Eng­land should have thrown off the safety blan­ket and played Leach

➤ The Ageas Bowl pitch has repli­cated con­di­tions found on the sub-con­ti­nent – why not hand left-armer a shot?

The Daily Telegraph - Business - - Sport Third Test - Sir Ge­of­frey Boy­cott

Eng­land look like they should go on to win this game com­fort­ably, bar­ring many hours lost to rain. But I still think they will be dis­ap­pointed with their lack of pen­e­tra­tion with the old ball yes­ter­day. They went al­most 40 overs with­out a wicket, and did not look par­tic­u­larly threat­en­ing.

You might say, “Oh well, they are go­ing to win the se­ries any­way”. But look at the big­ger pic­ture. Man for man, they are far su­pe­rior to both the teams they have played this sum­mer, and there are tougher chal­lenges to come – par­tic­u­larly away from home.

This sur­face at the Ageas Bowl has been dry and has not of­fered much bounce or pace. In other words, it would not look out of place in In­dia, which is where Eng­land are next due to play Test cricket. Covid-19 pan­demic al­low­ing, they have five Tests wait­ing for them in the New Year.

With that in mind, I would have cho­sen Jack Leach for this match. An attack built around four seam­ers – three of whom are sim­i­lar in style – is what you want for Perth, in the old days when the Waca pitch re­sem­bled a tram­po­line. And then they have gone for Dom Bess – whom I like as a crick­eter – as a twirler who bats a bit.

I can see what the se­lec­tors were think­ing. Eng­land’s bat­ting has been shaky for years. So they wanted a cou­ple of jacks-of-all-trades – Bess and Chris Woakes – to add a bit of se­cu­rity.

For me, the time has come to let go of the safety blan­ket. Eng­land have four good bats­men now – in Joe Root, Ben Stokes (when avail­able), Ollie Pope and Zak Craw­ley – while Jos But­tler as the bats­man-wick­et­keeper is hav­ing his best Test yet.

OK, so the two open­ers need to iron out some tech­ni­cal glitches. But the se­lec­tors should start leav­ing the bats­men to get on with it, and pick­ing bowlers for wick­ets rather than runs.
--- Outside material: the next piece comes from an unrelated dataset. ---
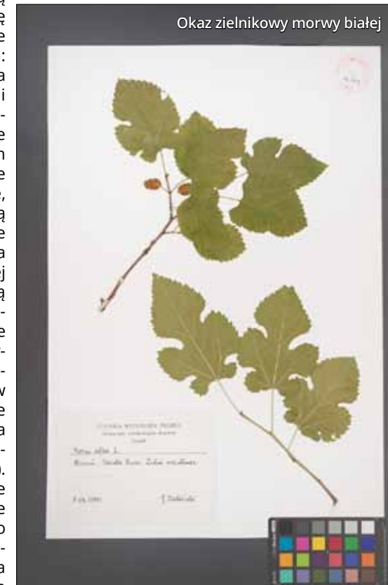
Okaz zielnikowy morwy białej

Morwa była wykorzystywana od wieków w tradycyjnej medycynie chińskiej. W XX wieku wzbudziła także zainteresowanie zachodniej farmacji i zoiolecznictwa. Liczne badania wykazały, iż roślina ta zawiera wiele związków chemicznych, które mogą być potencjalnie szeroko stosowane

There may also have been some sen­ti­ment in the de­ci­sion to play Woakes, af­ter his mag­nif­i­cent match-win­ning in­nings at Old Traf­ford.

Yes­ter­day, though, he was too sim­i­lar to James An­der­son and Stu­art Broad. And maybe he is slightly heavy in the legs af­ter play­ing the past four Tests and send­ing down 150 overs along the way.

I still think Leach is the No 1 spin­ner for Eng­land, even though he hasn’t played since he be­came ill over the win­ter.

As for Bess, I like his po­ten­tial, but I don’t think he bowls a con­sis­tent Test-match line. In Eng­land, our off-spin­ners tend to bowl fairly straight at off stump. Whereas I would rather see Bess bowl­ing out­side off stump with loop.

If you get bats­men play­ing to­wards the cov­ers, it brings the gate into play, and then the one that does not turn threat­ens the out­side edge. The Aus­tralian, Nathan Lyon, is the best in the world at that, us­ing vari­a­tions of flight, pace and spin.

Bess has a lot still to learn. In In­dia, though, he could have an im­por­tant part to play, prob­a­bly in sup­port of Leach’s left-arm ortho­dox. Those are the con­di­tions which neuter Eng­land’s tra­di­tional strengths of swing and seam.

My other ob­ser­va­tion on the day’s play re­lates to Jofra Archer. I feel like yes­ter­day was a big im­prove­ment. Even though he did not get a wicket, it was nice to see him bowl­ing with gen­uine pace, and Root us­ing him in short, hos­tile bursts. Much bet­ter than try­ing to bowl longer spells of fast-medium.

The only prob­lem is that there were too many short balls. Even at high pace, the length ball – or some­times the full-pitched ball – is the one that takes the wick­ets. The one that flies through to the wick­et­keeper past the bats­man’s nose looks great, but it gets very few good play­ers out.

When you do bowl short, it is tempt­ing to bang it in, so that it takes off and goes over the bats­man’s head. But you never saw Michael Hold­ing and Mal­colm Mar­shall wast­ing their en­ergy like that. Get it into the ribs, un­der the heart, or in an armpit. Then sta­tion a man at bat-pad and maybe one at leg gully. That is very awk­ward for any­one to play, es­pe­cially a tail-en­der. It is how John Snow got a lot of his wick­ets.

As a man who faced the West In­dian quicks at the peak of their pow­ers, I know what it is like on the other end: highly un­pleas­ant.